Once in a while I come across a blog so engaging, so unique, so, well, so everything, that I cannot believe that everyone in THE UNIVERSE is not stopping whatever they are doing, I mean whatever, be it running a country, curing cancer, or eating the delightful breadsticks at Olive Garden, to sit down and read it.
Odd Girl Out is that blog.
Beth is that girl.
She has ridiculous skills, be it photography, diy projects, or just being all around awesome.
Then there is her taste in music.  I could give her free reign and a $100 iTunes gift card, and know that every single song she chose would be in my top 100 faves.  I cannot go without mentioning how stinking hilarious she is.  Or the fierce love she has for her beautiful family. Or her smarts.  

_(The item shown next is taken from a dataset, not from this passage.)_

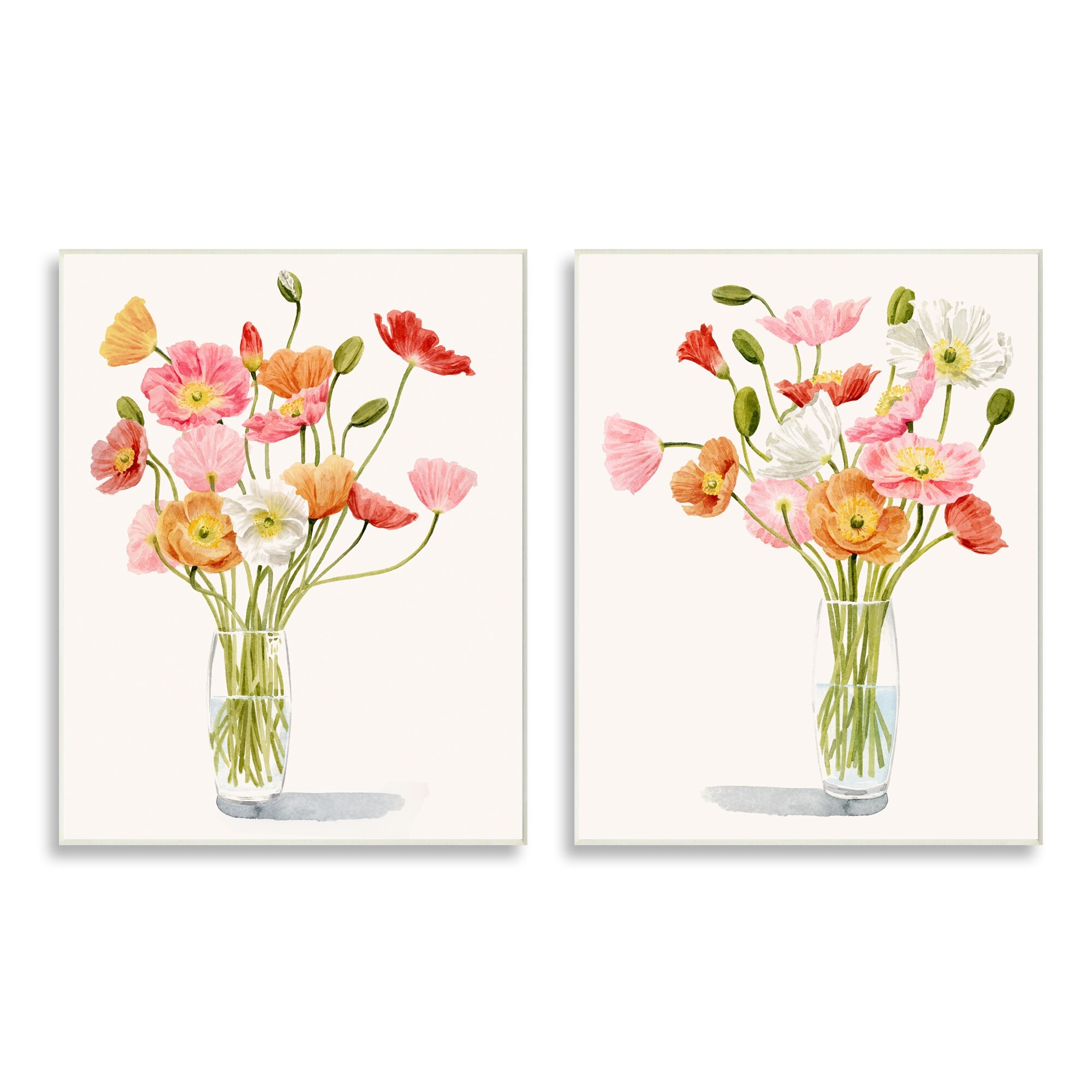 Stupell Industries Dazzling Flower Blossoms Soft Pink Glass Bouquets 2pc Multi Piece Wood Wall Art Set - Multi-Color

So on this first day of November, meet Beth.  Normally I would tell you to settle in with a cup of coffee and enjoy, but then you would spit out your coffee, thus breaking your computer, and things would get all weird between us.  So set your cup away from reaching distance and enjoy.  Then when you are separated from it for a bit, visit Odd Girl Out and consider yourself lucky to have found her.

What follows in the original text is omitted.